For regulatory submissions, document: 1. Rationale for BSSR: Why adaptive design is appropriate 2. Test selection: Justification for chosen statistical test 3. Design approach: Restricted vs unrestricted rationale 4. Simulation studies: Demonstrate operating characteristics 5. Implementation plan: Detailed interim analysis procedures
# Compare different allocation ratios
ratios <- c(1, 2, 3)
ratio_results <- sapply(ratios, function(r) {
result <- BinarySampleSize(
p1 = 0.5, p2 = 0.3, r = r,
alpha = 0.025, tar.power = 0.8,
Test = 'Boschloo'
)
c(N1 = result$N1, N2 = result$N2, N_total = result$N)
})
colnames(ratio_results) <- paste0("r=", ratios)
print("Sample sizes for different allocation ratios:")

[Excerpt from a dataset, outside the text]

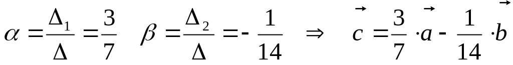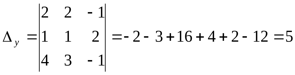 Находим . Для этого второй столбец в основном определителе меняем на столбец правых частей:

#> [1] "Sample sizes for different allocation ratios:"
print(ratio_results)
#> r=1 r=2 r=3
#> N1 95 142 189
#> N2 95 71 63
#> N_total 190 213 252
# Sensitivity analysis for key parameters
sensitivity_data <- expand.grid(
omega = c(0.3, 0.5, 0.7),
alpha = c(0.01, 0.025, 0.05)
) %>%
rowwise() %>%
mutate(
avg_power = mean(BinaryPowerBSSR(
asmd.p1 = 0.45, asmd.p2 = 0.09,
p = seq(0.2, 0.8, by = 0.1),
Delta.A = 0.36, Delta.T = 0.36,
N1 = 24, N2 = 24, omega = omega, r = 1,
alpha = alpha, tar.power = 0.8,
Test = 'Z-pool',
restricted = FALSE, weighted = FALSE
)$power.BSSR)
)
print("Sensitivity analysis results:")
#> [1] "Sensitivity analysis results:"
print(sensitivity_data)
#> # A tibble: 9 × 3
#> # Rowwise:
#> omega alpha avg_power
#> <dbl> <dbl> <dbl>
#> 1 0.3 0.01 0.796
#> 2 0.5 0.01 0.798
#> 3 0.7 0.01 0.802
#> 4 0.3 0.025 0.796
#> 5 0.5 0.025 0.805
#> 6 0.7 0.025 0.811
#> 7 0.3 0.05 0.807
#> 8 0.5 0.05 0.814
#> 9 0.7 0.05 0.823
The bbssr
package provides a comprehensive toolkit for
implementing blinded sample size re-estimation in clinical trials with
binary endpoints. The choice of statistical test and design approach
should be based on:
All methods maintain exact statistical validity while providing the flexibility needed for efficient clinical trial conduct.